The most popular email client is Outlook with iOS devices in second place (as
of June 2011). Although if you combine Hotmail + Yahoo Mail + GMail the total
marketshare beats Outlook.

<http://www.campaignmonitor.com/stats/email-clients/>

------
goronbjorn
There is definitely a lot of room for a lightweight, "bottom-up" CRM app out
there that's focused on usability. I think Dropbox has handily proven that
this sort of thing can get peppered across companies without a top-down,
sales-driven deployment which is what Salesforce is.

------
ThomPete
I have tried a bunch of these tools now.

I agree completely that there is a problem to be solved. I don't believe any
of the tools I have tried have found a proper way to solve it yet.

The best helper I have is still rapportive.

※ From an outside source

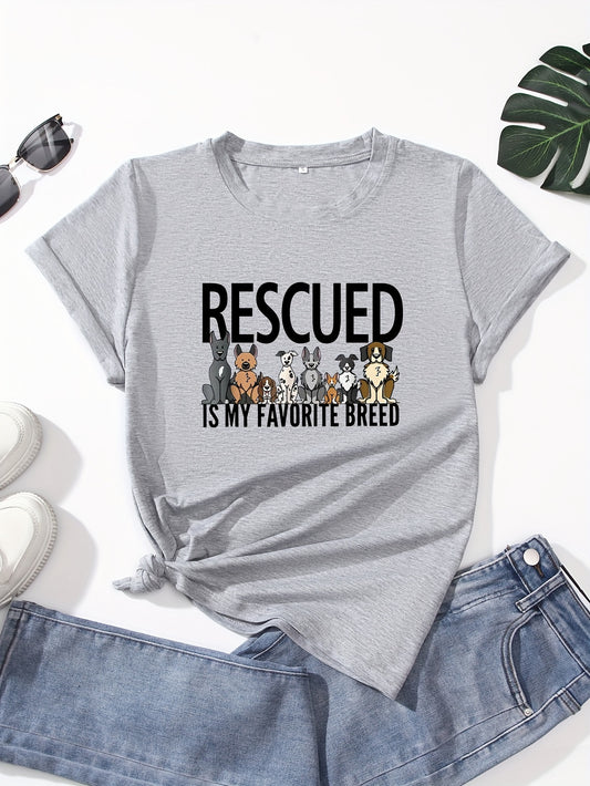 RESCUED & Dogs Print Crew Neck T-Shirt, Casual Short Sleeve Top For Spring & Summer, Women's Clothing

There is something about the input output flow of information in these tools
that is off.

------
andrewljohnson
We have been using this for support for our app, and we are very happy with
it. Started out using a different service, but the GMail integration was key
for us.

------
porter
We're using this combined with yesware and it's been great.

------
rdl
I wonder how hard it would be to also support self-hosted mail users (with a
webmail client talking imap, or ideally something which works with mutt).

------
instakill
Well done. I've got this running on my Chrome.

------
xbryanx
Pricing?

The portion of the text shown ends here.